PROVIDED MATERIAL:
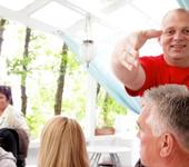 Короче, решили поехать к Виталику, провести культурно -физкультурное мероприятие, плавали в бассейне, ели-пили и играли в футбол-баскетбол.
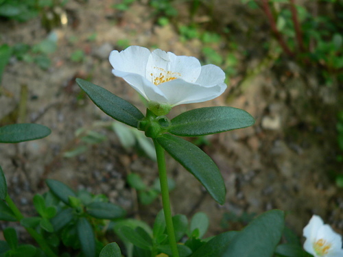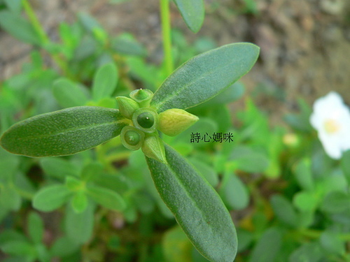 馬齒牡丹白花-花苞兒與果實 / 葉子形狀馬齒般寬平狀
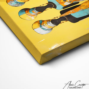 Ce tableau embrasse le thème de l'Afrique dans toute sa diversité, depuis ses paysages jusqu'à ses peuples et cultures. Une œuvre qui célèbre le continent dans une expression artistique riche et variée, parfaite pour tout amoureux de l'Afrique.

PROBLEM:
Pictures excluded, quote all the data above exactly.

RESPONSE AREA:
 Короче, решили поехать к Виталику, провести культурно -физкультурное мероприятие, плавали в бассейне, ели-пили и играли в футбол-баскетбол.
 馬齒牡丹白花-花苞兒與果實 / 葉子形狀馬齒般寬平狀
 Ce tableau embrasse le thème de l'Afrique dans toute sa diversité, depuis ses paysages jusqu'à ses peuples et cultures. Une œuvre qui célèbre le continent dans une expression artistique riche et variée, parfaite pour tout amoureux de l'Afrique.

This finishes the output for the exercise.